We all have many different identities associated with all the social roles that we play; not identities as in personalities, but bundles of knowledge, expectations, patterns of behaviour that are associated with specific roles. These help us navigate the social world and understand the roles of people who we interact with. For some of us, mentally ill is one of those identities.

The nature of stigma

It’s the nature of stigma that identities that society has deemed to be deviant are seen as all-consuming. If I have a stigmatized identity, in the eyes of society, that’s all that I am and all that I ever will be until the end of time. That’s not reality-based, but stigma isn’t about reality. Stigma involves stereotypes, and stereotypes aren’t multifaceted the way people are.

One of the ideas behind person-first language is that it portrays a person as being more than just the illness. However, stigma runs deeper than words. If we routinely use adjectives to describe positive and neutral characteristics, using adjectives related to mental illness (e.g. referring to myself as mentally ill) wouldn’t be a problem if it weren’t for stigma.

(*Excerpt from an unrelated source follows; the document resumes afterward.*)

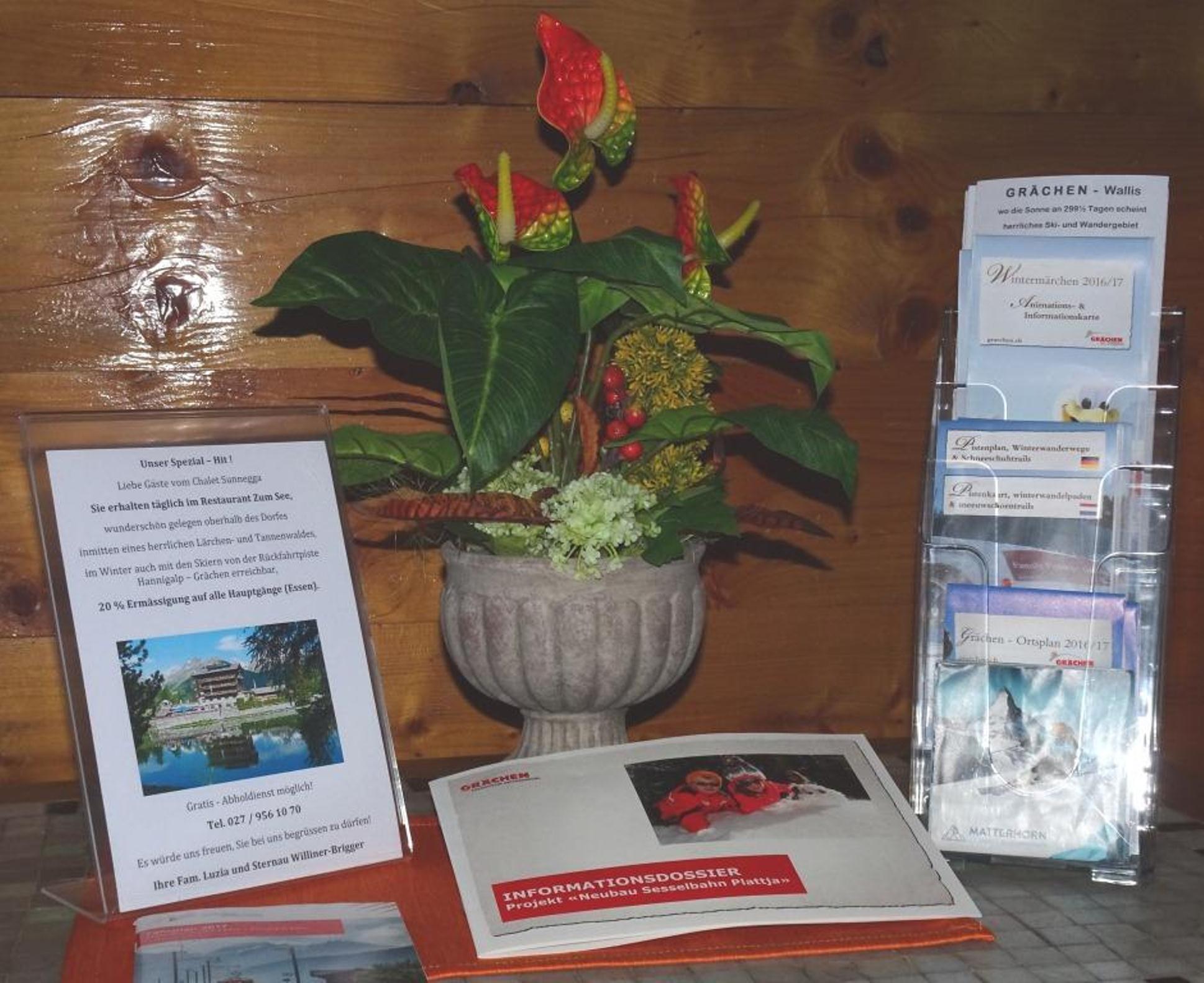 SPEZIAL-HIT: Unsere Hausgäste erhalten im Restaurant Zum See, etwas oberhalb des Dorfes am kleinen Grächnersee inmitten eines herrlichen Waldes gelegen, bei der Fam. Williner-Brigger (Tochter des Hauses) 20% auf alle Hauptgänge beim Mittagessen und 10 % auf alle Speisen beim Abendessen! Am Abend gibt es eine spezielle kulinarische Menukarte (eine Anmeldung ist sehr wünschenswert). Das Restaurant ist im Winter auch bequem mit den Skis erreichbar. Gratis-Abholdienst. Guten Appetit!

Part of challenging stigma is showing people that we’re not just our illness, and we’re not just stereotypes. We are multi-faceted humans, and we are so much more than people’s stigma. To convince people to see beyond stereotypes and see us takes more than just grammatical tweaks. One of the things it takes is being able to move beyond our own self-stigma and see the many sides of ourselves in order to unapologetically project those out into the world.

Our many identities

I’ve put together an identity map exercise, including examples filled out for myself, as part of the stigma reduction toolkit to accompany my new book, A Brief History of Stigma. It prompts exploration of several different aspects of personal and social identity:

  • Roles: What are the different roles that you play?
  • Relationships: What are some of the roles you play in key relationships, e.g. daughter/son, parent, sibling, friend, colleague?
  • Beliefs & values: What are the beliefs and values that act as your compass in life?
  • Interests & passions: What makes your life brighter?
  • Objective personal characteristics: We’ve all got our basic demographic characteristics, e.g. I’m a 40-something Canadian.
  • Subjective sense of self: What is it like to be you on the inside? For example, I see myself as an introvert, and that affects how I see myself in relation to the world.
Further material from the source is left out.